• RECORDS SUPPLIED
--- START ---

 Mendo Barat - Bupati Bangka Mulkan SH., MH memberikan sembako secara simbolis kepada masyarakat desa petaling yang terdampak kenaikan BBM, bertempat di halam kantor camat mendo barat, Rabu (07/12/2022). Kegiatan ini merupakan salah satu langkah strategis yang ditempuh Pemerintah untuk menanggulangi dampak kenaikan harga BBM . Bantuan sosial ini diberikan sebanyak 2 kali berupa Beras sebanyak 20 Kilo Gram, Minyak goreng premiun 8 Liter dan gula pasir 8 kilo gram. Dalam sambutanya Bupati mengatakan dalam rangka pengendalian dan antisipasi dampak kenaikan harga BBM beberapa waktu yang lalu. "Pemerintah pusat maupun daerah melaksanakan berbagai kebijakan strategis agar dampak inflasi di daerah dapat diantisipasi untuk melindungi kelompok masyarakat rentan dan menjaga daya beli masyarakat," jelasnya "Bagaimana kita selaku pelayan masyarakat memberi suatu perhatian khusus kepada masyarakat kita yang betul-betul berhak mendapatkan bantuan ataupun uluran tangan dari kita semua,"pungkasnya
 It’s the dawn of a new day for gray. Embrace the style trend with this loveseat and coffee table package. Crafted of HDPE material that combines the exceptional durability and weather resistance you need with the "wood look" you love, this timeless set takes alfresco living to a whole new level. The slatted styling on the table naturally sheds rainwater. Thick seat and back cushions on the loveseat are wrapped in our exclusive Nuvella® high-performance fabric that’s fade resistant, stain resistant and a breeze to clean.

--- END ---
--- START ---

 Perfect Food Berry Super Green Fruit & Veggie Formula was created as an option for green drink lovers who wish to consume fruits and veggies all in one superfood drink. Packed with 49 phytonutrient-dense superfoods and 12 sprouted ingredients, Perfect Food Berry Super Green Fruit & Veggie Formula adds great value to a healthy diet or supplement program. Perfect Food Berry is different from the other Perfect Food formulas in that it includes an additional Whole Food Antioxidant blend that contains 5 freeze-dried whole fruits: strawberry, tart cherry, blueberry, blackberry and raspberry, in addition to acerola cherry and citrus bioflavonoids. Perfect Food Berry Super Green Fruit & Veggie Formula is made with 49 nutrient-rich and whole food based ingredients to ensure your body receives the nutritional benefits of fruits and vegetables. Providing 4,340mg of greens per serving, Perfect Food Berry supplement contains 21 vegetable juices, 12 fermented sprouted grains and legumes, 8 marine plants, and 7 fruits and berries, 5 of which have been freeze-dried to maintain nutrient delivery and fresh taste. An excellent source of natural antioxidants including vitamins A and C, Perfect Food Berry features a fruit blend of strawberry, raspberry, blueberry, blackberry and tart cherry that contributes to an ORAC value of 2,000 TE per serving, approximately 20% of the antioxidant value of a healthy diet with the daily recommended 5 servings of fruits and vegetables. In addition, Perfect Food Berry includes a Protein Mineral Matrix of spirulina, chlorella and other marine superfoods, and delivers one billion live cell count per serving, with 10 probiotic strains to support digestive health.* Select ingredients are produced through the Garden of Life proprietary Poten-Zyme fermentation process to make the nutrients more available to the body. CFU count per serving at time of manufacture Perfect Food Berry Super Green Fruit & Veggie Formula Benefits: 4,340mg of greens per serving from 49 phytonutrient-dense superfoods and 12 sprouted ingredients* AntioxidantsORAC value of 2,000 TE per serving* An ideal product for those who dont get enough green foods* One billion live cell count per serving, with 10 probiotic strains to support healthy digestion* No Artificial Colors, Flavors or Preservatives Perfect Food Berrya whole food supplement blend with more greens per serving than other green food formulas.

--- END ---

• BRIEF
What you return must be the lines above that run from the line with "Mendo Barat - Bupati" to the line with "It’s the dawn", inclusive, each copied exactly.

• RESULT OF THIS EXERCISE
 Mendo Barat - Bupati Bangka Mulkan SH., MH memberikan sembako secara simbolis kepada masyarakat desa petaling yang terdampak kenaikan BBM, bertempat di halam kantor camat mendo barat, Rabu (07/12/2022). Kegiatan ini merupakan salah satu langkah strategis yang ditempuh Pemerintah untuk menanggulangi dampak kenaikan harga BBM . Bantuan sosial ini diberikan sebanyak 2 kali berupa Beras sebanyak 20 Kilo Gram, Minyak goreng premiun 8 Liter dan gula pasir 8 kilo gram. Dalam sambutanya Bupati mengatakan dalam rangka pengendalian dan antisipasi dampak kenaikan harga BBM beberapa waktu yang lalu. "Pemerintah pusat maupun daerah melaksanakan berbagai kebijakan strategis agar dampak inflasi di daerah dapat diantisipasi untuk melindungi kelompok masyarakat rentan dan menjaga daya beli masyarakat," jelasnya "Bagaimana kita selaku pelayan masyarakat memberi suatu perhatian khusus kepada masyarakat kita yang betul-betul berhak mendapatkan bantuan ataupun uluran tangan dari kita semua,"pungkasnya
 It’s the dawn of a new day for gray. Embrace the style trend with this loveseat and coffee table package. Crafted of HDPE material that combines the exceptional durability and weather resistance you need with the "wood look" you love, this timeless set takes alfresco living to a whole new level. The slatted styling on the table naturally sheds rainwater. Thick seat and back cushions on the loveseat are wrapped in our exclusive Nuvella® high-performance fabric that’s fade resistant, stain resistant and a breeze to clean.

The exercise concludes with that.